Build a Smarter Kid

Our high school holds an information session every year at this time on the procedures involved in getting your kid into college. Since this is a very competitive high school, much time is spent on the tricks involved in getting your kid into a great college.

I noticed that not much time is spent teaching you how to afford college, but that is another blog, I guess.

Anyway, it seems like a lot more focus is put on test scores for the college entrance exams and essays written for the application process than the good old GPA.

A friend of mine, whose daughter graduated with a 4.0 and got a really great score on her first try at the SAT, was only offered a full scholarship to her college of choice after her parents hired a private tutor to help raise the scores on certain sections of the test, particularly the reading portion.

This section of the test is the one many high school students struggle with.

What helps significantly is if your child likes to read, because reading is a natural vocabulary builder.

The reading section of the test was a natural for The Brainiac, since she has a book attached to her at all times.

I don't think we will have this same luck with The Athlete, who thinks "alone time" is spending the afternoon with two friends instead of four.

She was very surprised to learn the other day that her middle school yearbook did not qualify as a response to the Teacher's question of:

"What was the last book you read?"

With her I have to be very clever and trick her into being smarter using things that inspire her, like competitions.
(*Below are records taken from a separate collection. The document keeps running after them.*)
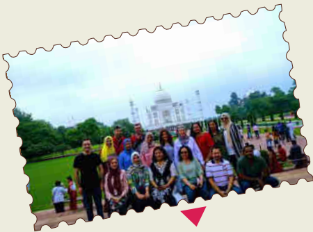
Visit to Taj Mahal by League of Arab State diplomats
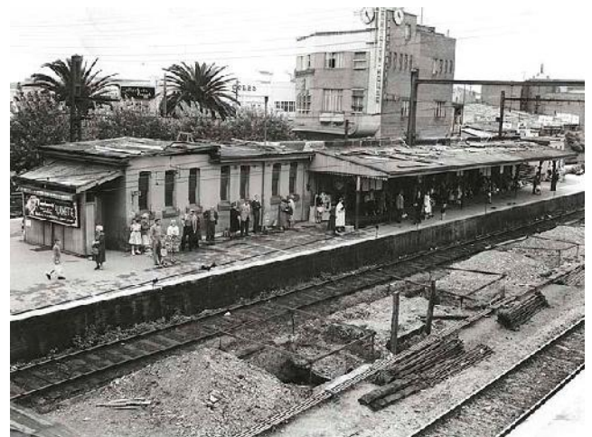
Hurstville Railway Station circa 1950s
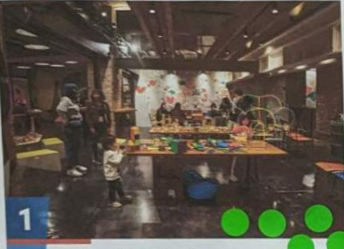
1 Day Care/Learning Centers

CUSHMAN AND ADAMS SUBSTATIONS FUTURE USE STUDY
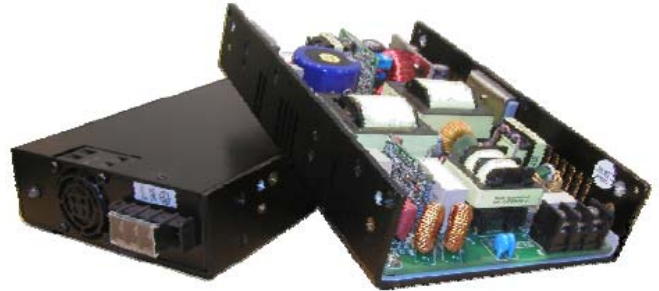
U Type: (U-Chassis): 8(L) x 5(W) x 1.6(H) inches. E Type: (Enclosed with built-in fan): 9(L) x 5(W) x 1.6(H) inches.
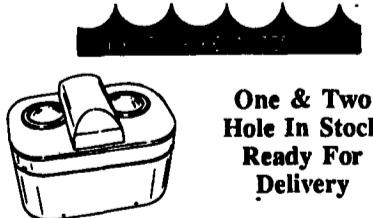
One & Two Hole In Stock Ready For Delivery
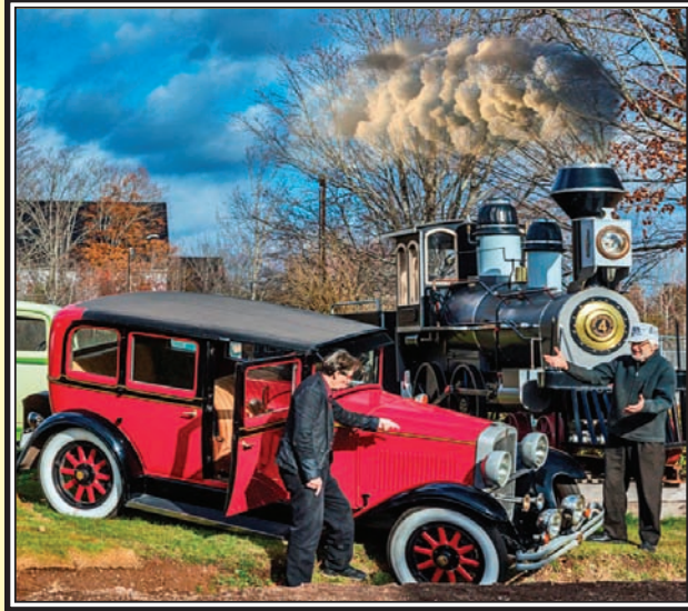
An interesting display of full size models in Parrsboro was Kerwin's replica of #4 train, and a wreck with the 1929 Nash "Rum Runner" he built and drove.
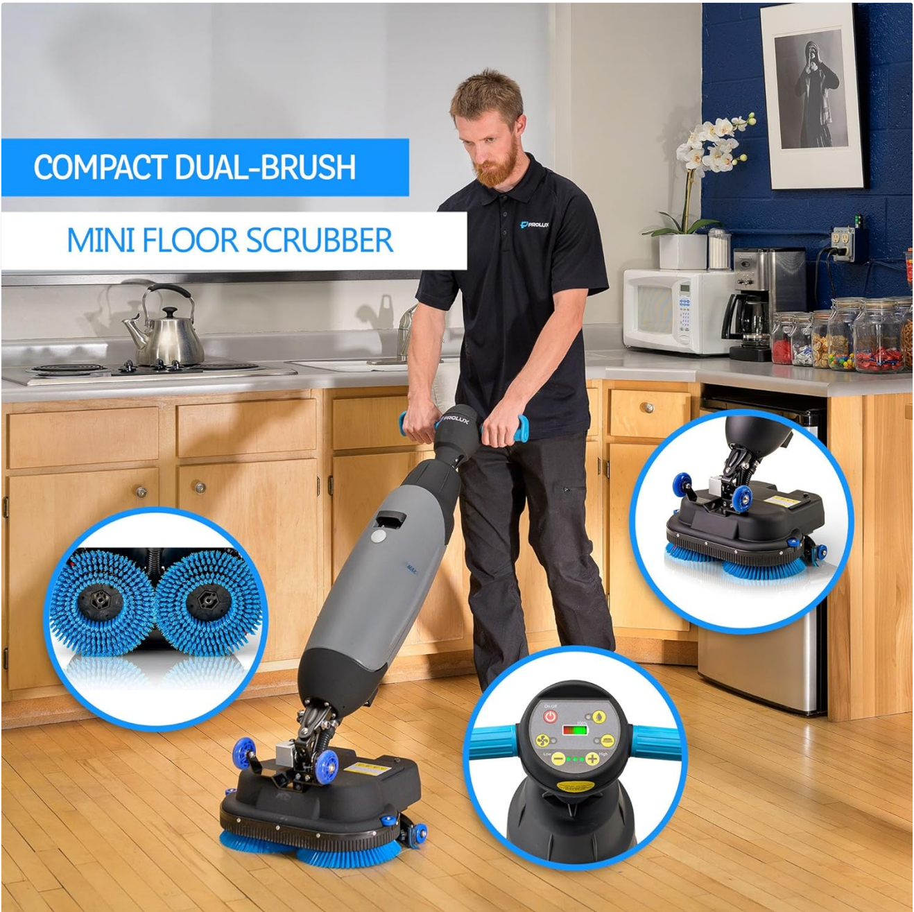
Image: Operating the floor cleaner.
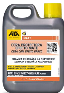
FILA MATT → FINISH WAX (1 COAT)
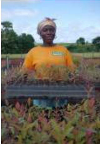
Nursery Team Member
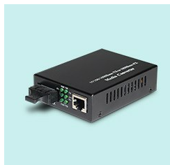
10/100/1000M Media Converter
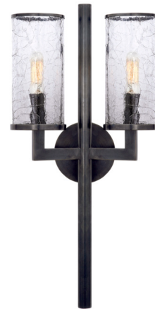
Shown in bronze

The Liaison Double Wall Sconce is a modern update of the classic candlestick sconce design, defined by its clean silhouette and simplified lamp holders with bobeches. Choose smooth clear glass or no glass for a sleek look, or the fractured crackle glass for a more vintage or rustic feel. Note: Fixture does not cover a standard US junction box and requires a 2 x 4 inch junction box.
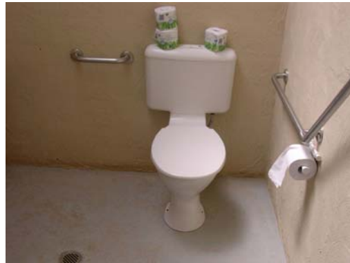
Picture 6. Accessible toilet
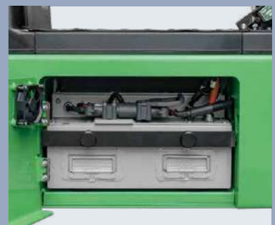
Lithium battery pack
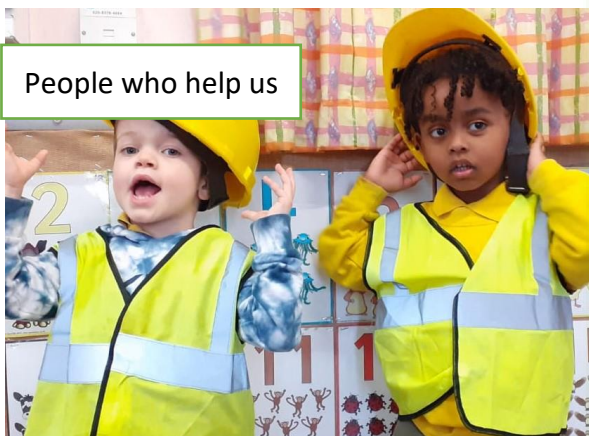
People who help us
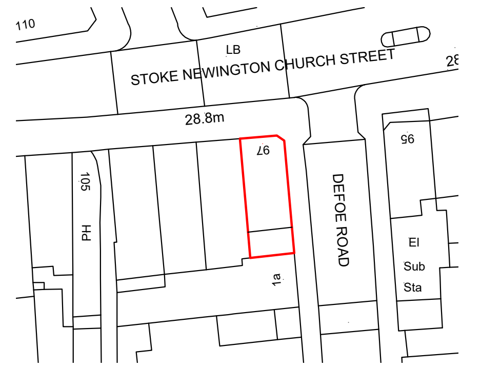
SITE PLAN SCALE 1 : 500
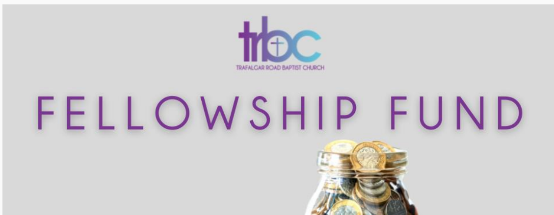
The Fellowship Fund

The next meeting will be on Wednesday 19th June at 7:30pm.
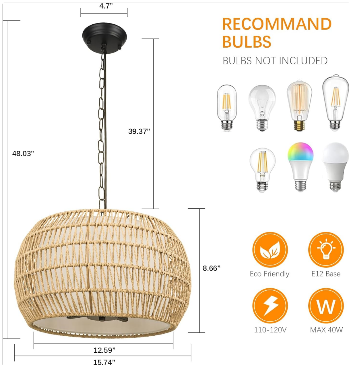
Figure 4.1: Detailed view of chandelier components including rattan, canopy, and bulb sockets.
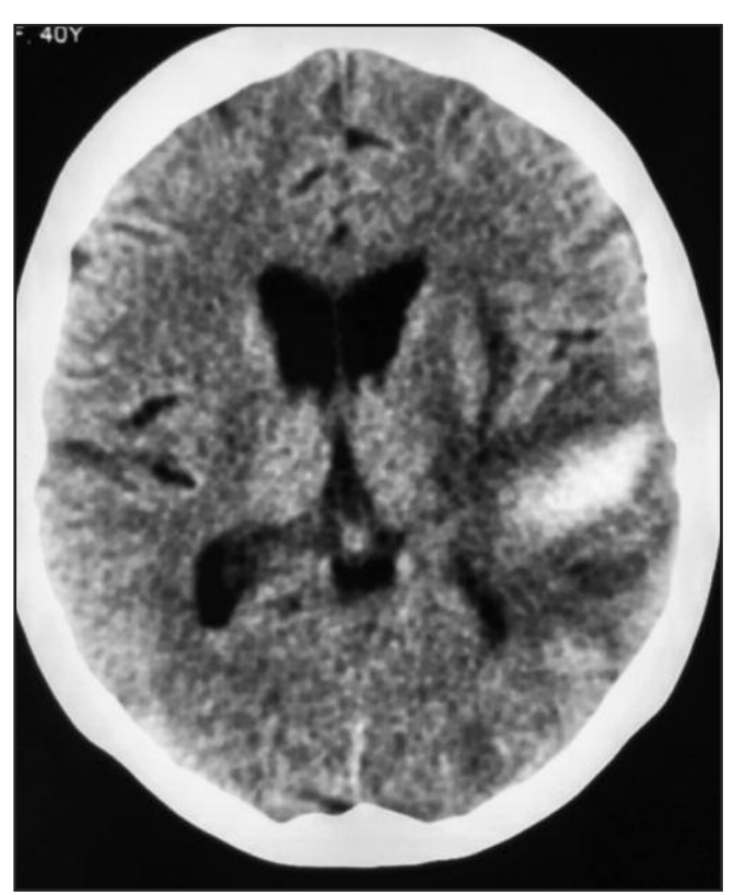
Fig. 2: CT brain showed multifocal intracranial septic emboli (due to location at periphery and grey-white matter junction) and intraparenchymal bleed at left temporoparietal lobe.

A. pyogenes is primarily an animal pathogen, causing pyogenic infections in cattle.1Most human cases are acquired in rural settings with exposure to farm animals. However, our patient had no typical epidemiological exposure. There have been few reported cases of A. pyogenes endocarditis in Europe and Southeast Asia (Table I). Similar to these case reports
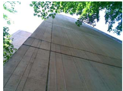
N Primary Structural Type CLADDING JTS
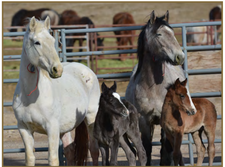
Healthy Mares and Foals
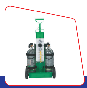
Compressed Airline Accessories
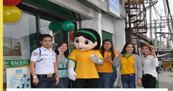
San Mateo Banaba Branch1st Anniversary November 21, 2018
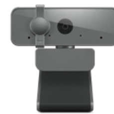
Lenovo Select FHD Webcam Gen2
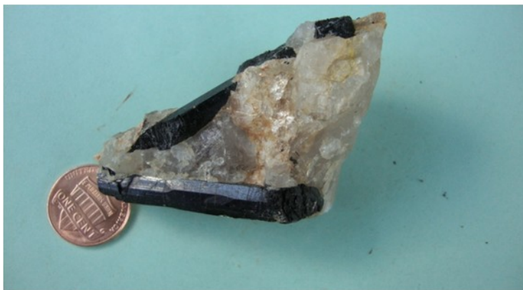
Fig. 8. Well developed tourmaline, schorl, crystals from

produced more rose quartz than any other mine in the world (Roberts and Rapp (1965).
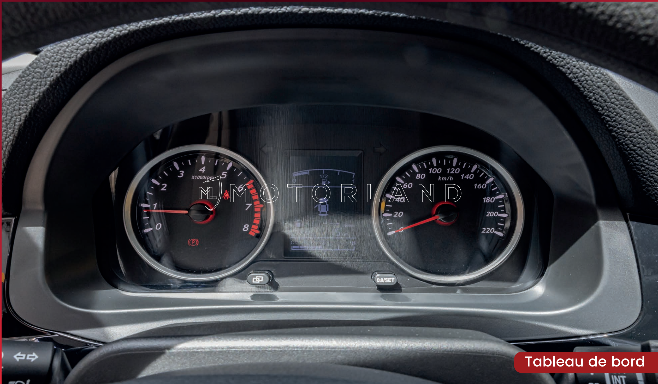
Tableau de bord
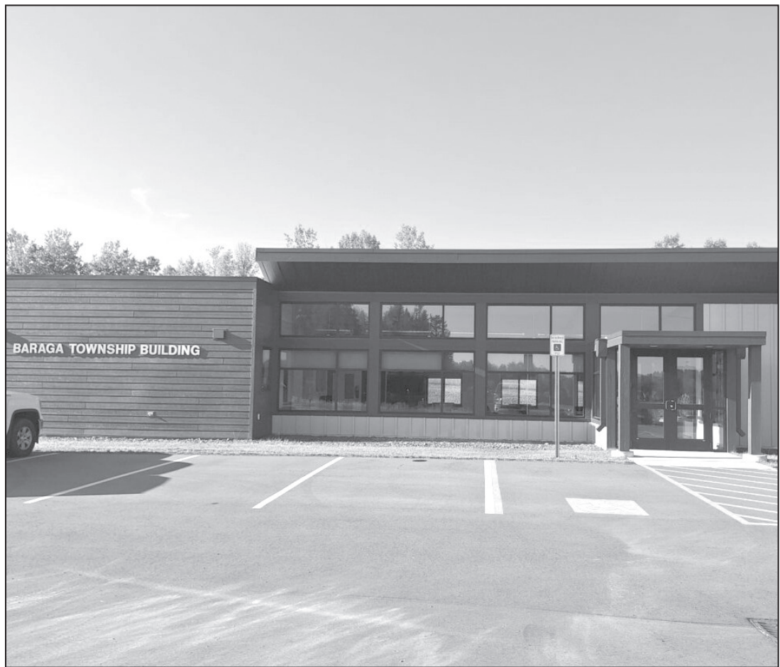
The new Baraga Township Hall on M-38 is pictured.

She also said they are working on getting replacement equipment for the playground, as two of the large slides are damaged. The playground is operable, but some equipment is damaged and not usable.

I was lucky to find the web site www.freerice.com

This site "pays" you in grains of rice for every word you get right and increases your level of skill as you go. It is a sponsored site, and the money raised goes to disadvantaged countries.

I also have an SAT practice question sent to me every day by The College Board. Go to www.collegeboard.com and you can too.

Another clever way I have of teaching The Athlete new words is to use words I found in my new book 100 Words Every High School Freshman Should Know. (You can order it from Amazon by using my shopping link at right of this page).

For example: In response to The Athlete's question of "Can I sleep over at Maddie's?" I might say:

It may be a formidable task for me drive the half hour to her house. I'm not feeling very enthusiastic or jovial about it.

The which she might reply: "So can you drive me or not?"

Anyway, those are some tools to help you build a smarter kid and cheat legitimately on those wretched college entrance exams.

Remember: A scholarship is a beautiful thing.